Three days earlier, New Energy Times science journalists Steven Krivit and Nadine Winocur had released a 50-page report on the current state of cold fusion. According to this report, almost 15,000 cold fusion experiments have been performed around the world since the field was declared anathema in 1989. In the first years after the initial announcement, experimental results were erratic and inconsistent, often with positive results occurring in only about 10 percent of the experiments. Within the last five years, however, successful replications have been occurring much more frequently. Five years ago, the Fleichmann-Pons effect had been observed in only about 45 percent of the experiments performed. Now, according to Krivit and Winocur, the effect has been reproduced at a rate of 83%. Experimenters in Japan, Romania, the United States, and Russia have reported a reproducibility rate of 100 percent.
This experimental success is due in large measure to more refined methods of measuring excess heat and detecting the signatures of nuclear reactions. Over the years, experimenters have discovered that in order to obtain more robust results, the ratio of deuterium atoms in the electrolyte solution to palladium atoms in the cathode must be above a certain minimum threshold. This is referred to as “loading.” The density of the electric current passing through the system must likewise reach a certain threshold. More recently, it was discovered that excess heat could be generated faster if the reaction could be triggered in some fashion. In a paper presented at the 10th International Conference of Cold Fusion, held at MIT in August 2003, researchers Dennis Cravens and Dennis Letts presented a variety of methods that could be used to “shock the system,” including current-pulsing, radio frequency excitations, and laser stimulation. Actual experiments were carried out at the conference, and the results were manifest for all to see.
According to Dr. Eugene Mallove, editor of Infinite Energy Magazine and a passionate advocate of cold fusion development, the evidence of excess heat and products from nuclear reactions is so extensive as to compel a finding that the cold fusion phenomenon is real. Were it not for Dr. Mallove and others who kept the faith, cold fusion might well have faded from the public consciousness.
When the Department of Energy decided to give cold fusion another hearing, it made no public announcement and did not post any information about its decision on its website. Nevertheless, Dr. Mallove remains confident that once the Department evaluates the evidence in an open-minded and unbiased fashion, it will reconsider its earlier rejection of cold fusion and pave the way for funding of next-generation cold fusion research.

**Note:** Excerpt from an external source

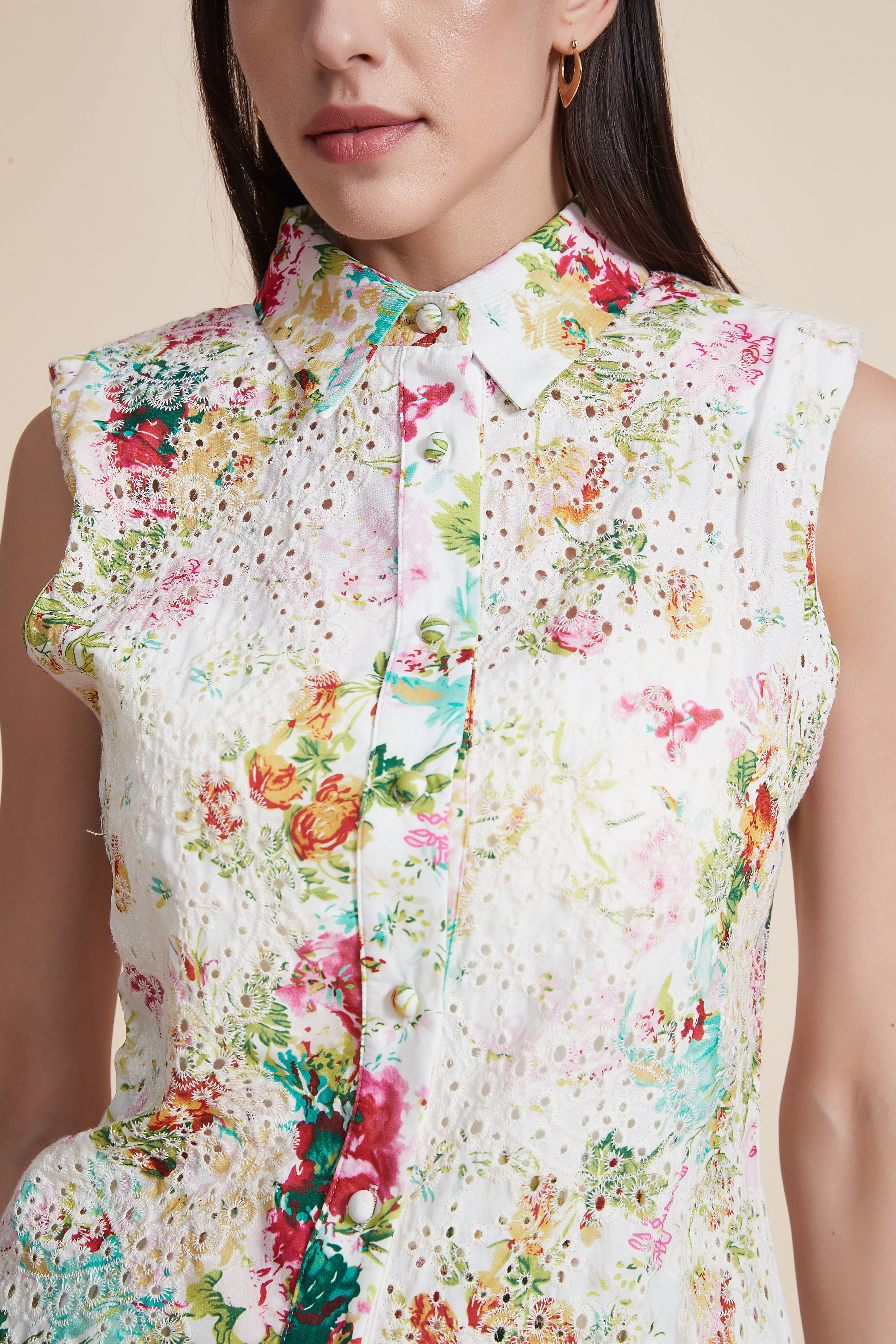 بلوزة بأزرار أمامية منقوشة تطريز انجليزي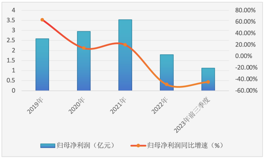 进入2022年,公司业绩出现下滑,营收同比下降8.48%至41.29亿元,归母净利润同比下滑近五成至1.80亿元;扣非后归母净利润则同比降幅超七成、至1.04亿元。公司解释称,主要是受市场环境波动影响,该年二季度至四季度业务节奏被打乱,业务执行端受到影响;同时基于业务快速成长及拓展,各项费用均有所增加,导致净利润下降。

Whether or not cold fusion can be turned into a useful source of energy remains uncertain. But the first step of that 1000-mile journey has been taken. The existence of the phenomenon discovered by Fleischmann and Pons in 1989, then disavowed by the scientific establishment, but subsequently confirmed worldwide in thousands of experiments, may finally be recognized as a revolutionary discovery of science. Cold Fusion may become hot news again.